Le tourisme interne a permis d’amortir un peu la sévère crise qui a touché le secteur suite à la pandémie liée à la Covid-19.
Mais l’offre à destination des Marocains reste inadaptée en termes de rapport qualité/prix.
Par C. Jaidani
Avec la fermeture des frontières et les restrictions sanitaires, le tourisme interne a permis au secteur d’amoindrir le choc de la crise. Même avant la pandémie, ce segment était dans une bonne posture. En 2019, saison de référence, 30% des nuitées ont été consommées par les nationaux et tout laissait présager à cette date que ce taux allait progressivement augmenter. Dans le cadre de la vision 2020, le gouvernement prévoyait de porter la part des nationaux à 40%.
«Contrairement aux marchés émetteurs étrangers qui ont été impactés ces dernières années par une conjoncture défavorable et des crises successives, le marché interne s’inscrit dans un trend haussier. Il a atteint une certaine maturité et a besoin d’une attention particulière. C’est un segment important pour assurer l’équilibre avec les autres activités. Lors de la crise actuelle, il a redonné une bouffée d’oxygène au secteur touristique national et lui a évité l’effondrement», souligne Larbi Ziani, Directeur général de Macron Voyages. Pour autant, le dispositif mis en place à destination de cette catégorie de voyageurs n’est pas assez performant, et ce à plusieurs niveaux. Les offres proposées sont jugées peu compétitives comparativement aux produits commercialisés par les toursopérateurs internationaux à destination de leur clientèle étrangère.
A titre d’exemple, un séjour d’une semaine à Agadir ou Marrakech, en formule all in dans un hôtel 4 - 5 étoiles comprenant également les frais de transport aérien et les navettes, est proposé en moyenne à 500 - 600 euros. Pour la même offre, les Marocains doivent payer le double, voire plus. Le programme Kounouz Biladi a montré ses limites. Le nombre des hôtels qui y adhèrent est insuffisant pour répondre à la demande. Cela montre le peu d’intérêt des professionnels pour cette opération. D’autant plus que les enquêtes de sondage auprès des vacanciers marocains font ressortir leur insatisfaction par rapport à ce genre de produits.
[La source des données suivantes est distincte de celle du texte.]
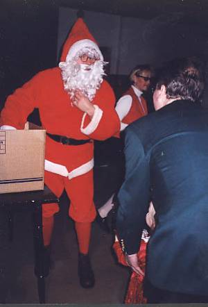 Posepakking er en viktig del av forberedelsene til juletrefestene, og her er det SJK medlem Terje Greil som fyller godsaker i posene som barna skal få
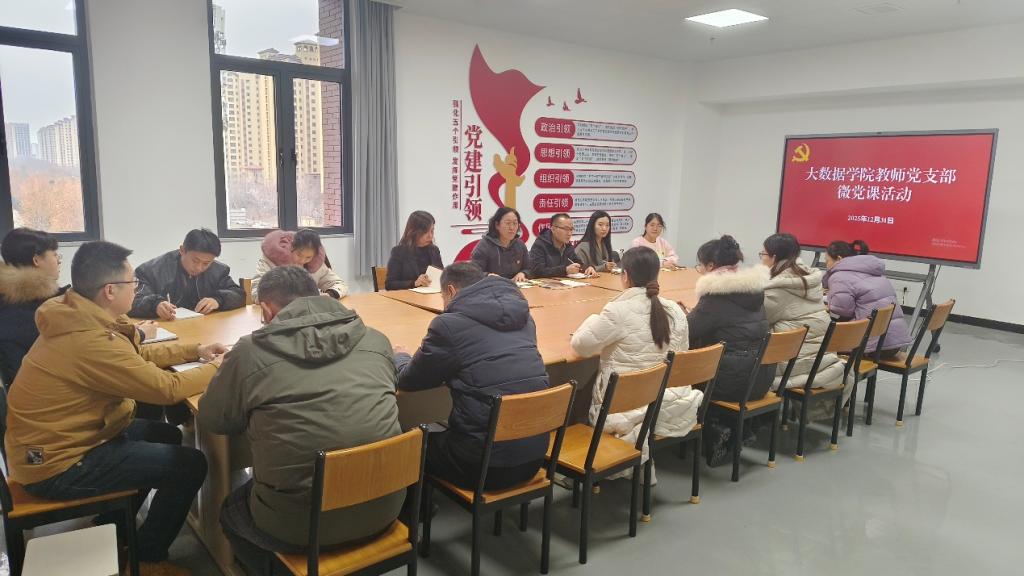 为深化理论学习、凝聚奋进力量,2025年12月31日下午,大数据学院教师党支部在力行1号楼L409开展微党课学习活动。会议由支部书记李素娟主持,全体党员参加。

Dans un autre registre, il faut rappeler que le Plan Biladi, destiné à lancer des stations exclusivement dédiées aux touristes marocains, est loin d’atteindre ses objectifs. Deux stations seulement sur huit sont opérationnelles. La première est celle de Ifrane, réalisée par le consortium maroco-koweitien de développement (CMKD). Etalée sur 30 hectares, elle comprend 177 appartement/chalets, une résidence immobilière, un camping caravaning de 200 places et des espaces de restauration et de loisir. La deuxième station est celle de Imi Ouddar, dans la région d’Agadir. D’une superficie de plus de 9 hectares, elle dispose d’une capacité de 5.000 lits. Celle de Mehdia est en cours de réalisation. En revanche, les stations de Benslimane, Ras El Ma et Sid Abed ne sont pas encore lancées. Ces projets n’ont pas dépassé le stade des appels d’offres.
Les investisseurs n’ont pas jugé opportun d’y adhérer à cause de plusieurs contraintes, dont notamment l’emplacement de la station considéré peu attractif ou des problématiques pour la libération du foncier ou l’installation des infrastructures. «Le cahier des charges proposé par l’Etat pour remporter ce genre de projet est compliqué. Outre son coût financier élevé, d’autres conditions draconiennes imposées sont dissuasives, notamment celles relatives au respect de l’environnement ou au prix fixé à destination des touristes. Le prix de la nuitée doit être compris entre 200 et 400 DH. Or, cette tarification n’est pas intéressante, surtout que les stations sont typiquement saisonnières. Le retour sur investissement n’est pas assuré», témoigne un entrepreneur ayant postulé pour le projet de Benslimane. Pour les stations de TangerTétouan et de Marrakech, elles ne sont plus à l’ordre du jour à cause des mêmes considérations.